第71話 序幕 ある精神科医との会話
時期はわからない、いつかの出来事である。
エリザベートは異文化風の部屋にいた。観葉植物が部屋の隅におかれ、御簾の隙間から西日が差している。彼女は部屋の中心にある椅子に座らされており、正面から貴族風の男がエリザベートを見下ろしていた。見下ろされるのは嫌いだ。抗議の声を上げようとしたが、口が開かなかった。どうやら、それほどまでに疲れているらしい。
「問題ないかな? 椅子が硬くて痛いだとか、呼吸がしづらいだとか……そういうことはない?」
男が言う。
いったいなにを聞かれているのだろうか。意識はまだあるが、なぜそんなことを訊かれているのかわからない。どうしてここにいるのかも。
エリザベートは思い出した。
この男の名前はエグザミン。王都の有名な医師だ。専門は心理医学。遡行前にも会ったことがある。ヒステリー研究で有名な人間だ。
遅かれ早かれ、こうなる予定だったか。エリザベートは思い返す。この男の治療のお陰で、エリザベートは簡単に暴力を振るわなくなった。しばらく様子を見て、もう再発しないだろうと判断されて、体裁もあって断りもなく治療を中断したのだ。
貴族なので、こちらの事情にも通じている。外聞を気にするため患者のプライバシーは外に漏らさない。たとえ匿名にしても、治療内容を論文などにまとめず、引用もしない。
なにより占星術師たちと違い、エグザミンにはなにかを話す必要もない。特別な治療法を確立しているのだ。
遡行前も今も、治療を受け入れているのは、ぎりぎりで許容しているのは、なにも話す必要がないからだ。
これについては以前、エグザミン本人から理由を訊いた。
「必要がない。これが一つ。治療には、必要がないのです。結局のところいかなる問題も欠けているのは安定感であって、それを正せるなら、なんだっていい。占星術師は、吉方を占い、それを信じさせる。私は投薬で。そして私の薬には、話など必要はない」
エグザミンが言った。エリザベートは、意識がおぼろげになってきていた。先ほど飲んだ薬のお陰で眠たくなってきている。

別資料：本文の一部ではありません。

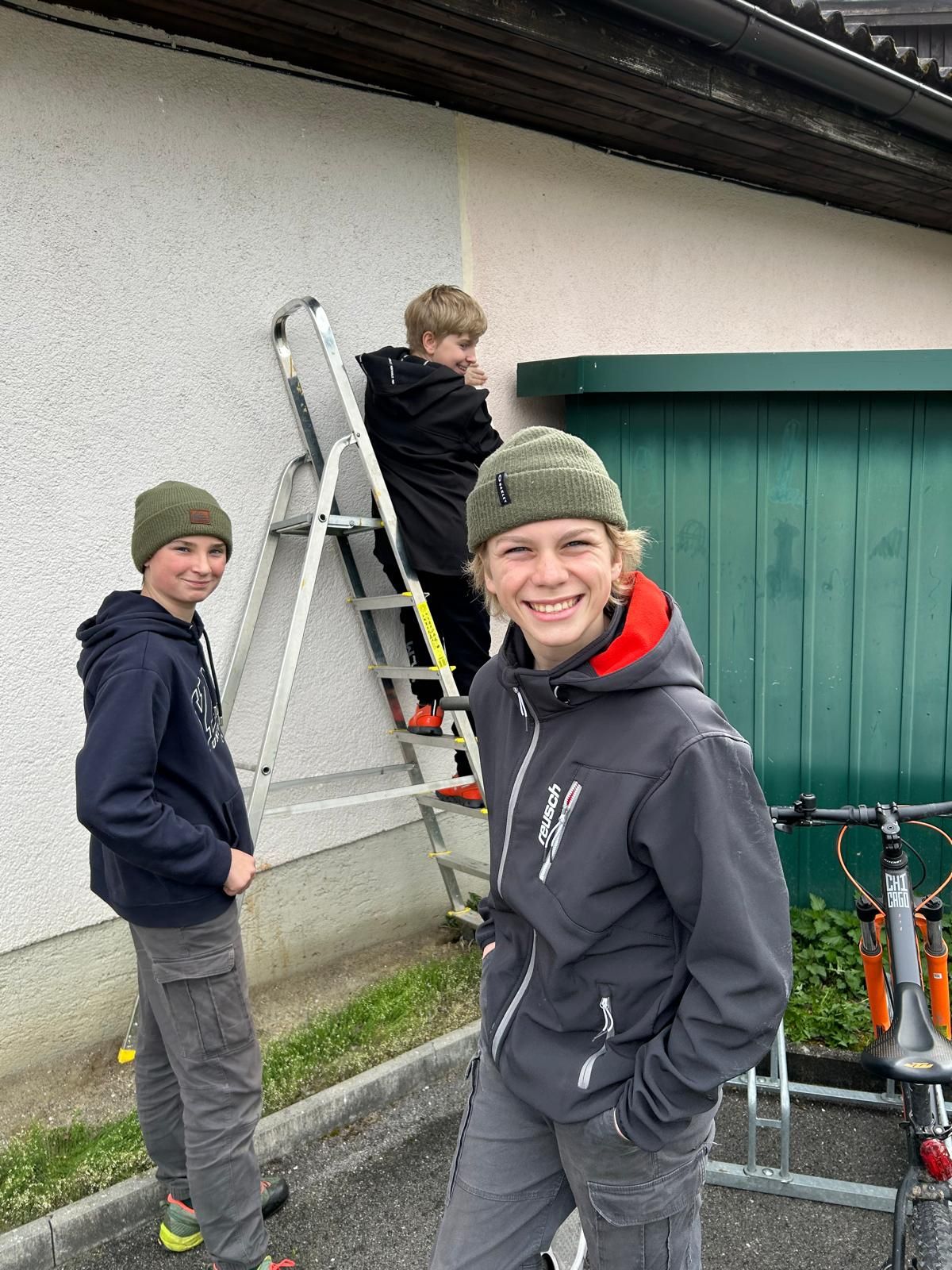 Die geplante Bushaltestelle unserer Schule soll nicht nur ein Ort des Wartens sein, sondern auch ein Kunstwerk, das die Gemeinschaft repräsentiert. Aus diesem Grund haben sich Schülerinnen und Schüler der 3. und 4. Klassen gemeinsam dazu entschlossen, die Wände der Bushaltestelle mit Leben zu füllen, noch bevor diese überhaupt errichtet wird. Im Mittelpunkt dieser Gestaltung steht unser Schullogo, das von den Schülerinnen und Schülern detailgetreu gemalt wurde und einen bedeutenden Platz an den Wänden der Bushaltestelle einnehmen wird. Zusätzlich zu unserem Logo schmücken auch Farbtropfen die Wände, welche in verschiedenen Farben und Größen das kreative Potential unserer Schülerinnen und Schüler repräsentieren sollen.

「それ、今まさに私が、思い出そうとしていたことだわ……」
「おや、以前誰かから聞きましたかな? 私に嫉妬する者は言うのです。薬で心を治療するなどと馬鹿なことをとね。先ずは話を聞くこと、問題に対処すること、薬で引き延ばして見ても、いずれ問題と直面するときが来ると。特に、貴族社会のような偏狭な世界観では、逃げる場所もないとね。だが私はそうは思わない。時は過ぎる。それが顧みられることがなくとも」
「そうかもね……」
医師の手渡した薬を飲み込む。
「薄れさせましょう。忘れさせましょう。いずれ来るだろう失敗が、定命の内に来るとは限らないのだから」
忘却する。忘れることで、辛いことはすべて無くなっていく。
「忘却はよりよい一歩を生むと、古代の賢人も言っていますから」
エリザベートはもう一錠、薬を飲み込む。
「忘れましょう」
「忘れましょう」
「忘れましょう」
忘れて、考えないようにする。
エリザベートは自分の口と鼻が無くなっている幻覚を見た。それだけではない。目も髪もなくなり、それはやがて一個の肉の塊になるのだ。なんの器官もない体へと。そのままそして”――――――”は、どこにも存在しなくなる。
のっぺらぼうのエリザベートを、のっぺらぼうのエグザミンが見下ろす。このとき最後に感じるのは安堵ではない。恐怖だ。しかしその後には、安堵がやってくる。
しかしその前に――目が覚めた。
ちょっと短めでした。はじめなのでところです。